[SUPPLIED MATERIAL]
>>>
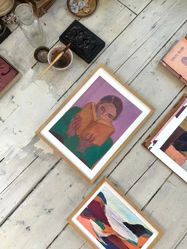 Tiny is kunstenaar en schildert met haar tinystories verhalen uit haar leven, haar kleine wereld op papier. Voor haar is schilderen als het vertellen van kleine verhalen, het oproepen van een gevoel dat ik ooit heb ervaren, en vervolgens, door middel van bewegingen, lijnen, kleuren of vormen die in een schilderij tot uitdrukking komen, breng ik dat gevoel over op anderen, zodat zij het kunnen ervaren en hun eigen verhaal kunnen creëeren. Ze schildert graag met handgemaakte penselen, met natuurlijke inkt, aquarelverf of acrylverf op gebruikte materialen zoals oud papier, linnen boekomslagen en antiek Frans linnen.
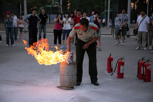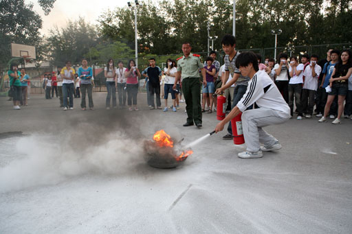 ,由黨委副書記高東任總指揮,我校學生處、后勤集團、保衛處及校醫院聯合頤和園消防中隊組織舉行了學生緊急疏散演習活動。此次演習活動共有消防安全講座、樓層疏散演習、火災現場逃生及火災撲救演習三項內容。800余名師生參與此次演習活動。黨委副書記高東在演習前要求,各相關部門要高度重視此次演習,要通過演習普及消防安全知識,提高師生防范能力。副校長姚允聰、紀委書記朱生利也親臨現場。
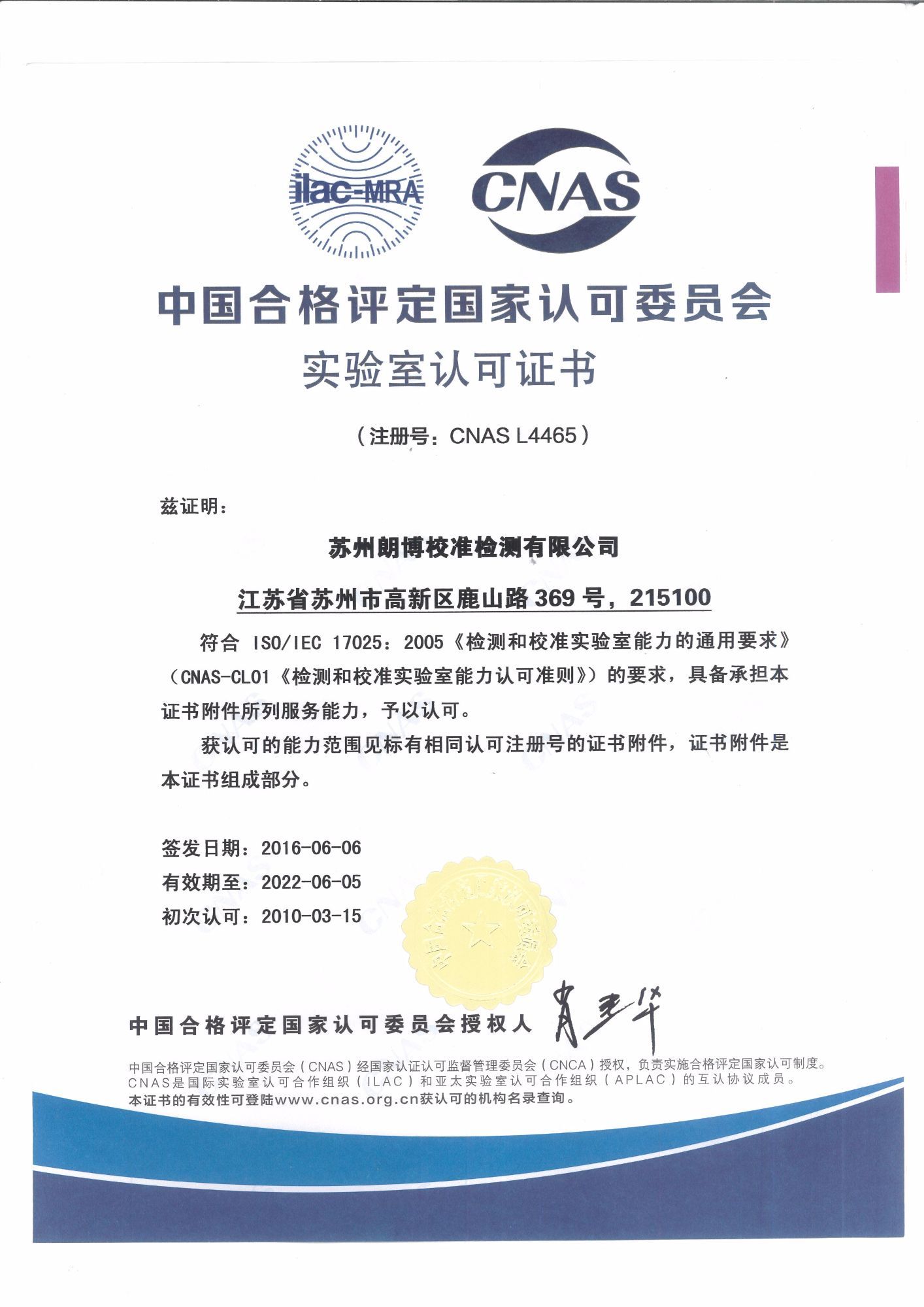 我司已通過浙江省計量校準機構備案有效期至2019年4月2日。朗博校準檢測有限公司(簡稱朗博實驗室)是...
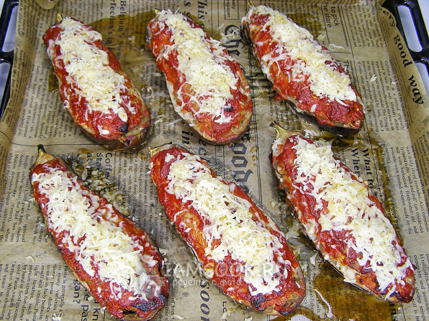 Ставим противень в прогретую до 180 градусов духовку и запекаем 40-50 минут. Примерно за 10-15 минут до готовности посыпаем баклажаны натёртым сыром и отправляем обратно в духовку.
<<<
>>>
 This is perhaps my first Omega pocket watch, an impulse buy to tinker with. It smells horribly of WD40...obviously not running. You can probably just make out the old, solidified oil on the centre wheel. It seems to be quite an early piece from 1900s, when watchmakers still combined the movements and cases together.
<<<
[PROBLEM STATEMENT] Using the data above, retype exactly the lines from the line with "Tiny is kunstenaar" to the line with "Ставим противень в", inclusive. No pictures and nothing else.

[RESULT OF THE TASK]
 Tiny is kunstenaar en schildert met haar tinystories verhalen uit haar leven, haar kleine wereld op papier. Voor haar is schilderen als het vertellen van kleine verhalen, het oproepen van een gevoel dat ik ooit heb ervaren, en vervolgens, door middel van bewegingen, lijnen, kleuren of vormen die in een schilderij tot uitdrukking komen, breng ik dat gevoel over op anderen, zodat zij het kunnen ervaren en hun eigen verhaal kunnen creëeren. Ze schildert graag met handgemaakte penselen, met natuurlijke inkt, aquarelverf of acrylverf op gebruikte materialen zoals oud papier, linnen boekomslagen en antiek Frans linnen.
 ,由黨委副書記高東任總指揮,我校學生處、后勤集團、保衛處及校醫院聯合頤和園消防中隊組織舉行了學生緊急疏散演習活動。此次演習活動共有消防安全講座、樓層疏散演習、火災現場逃生及火災撲救演習三項內容。800余名師生參與此次演習活動。黨委副書記高東在演習前要求,各相關部門要高度重視此次演習,要通過演習普及消防安全知識,提高師生防范能力。副校長姚允聰、紀委書記朱生利也親臨現場。
 我司已通過浙江省計量校準機構備案有效期至2019年4月2日。朗博校準檢測有限公司(簡稱朗博實驗室)是...
 Ставим противень в прогретую до 180 градусов духовку и запекаем 40-50 минут. Примерно за 10-15 минут до готовности посыпаем баклажаны натёртым сыром и отправляем обратно в духовку.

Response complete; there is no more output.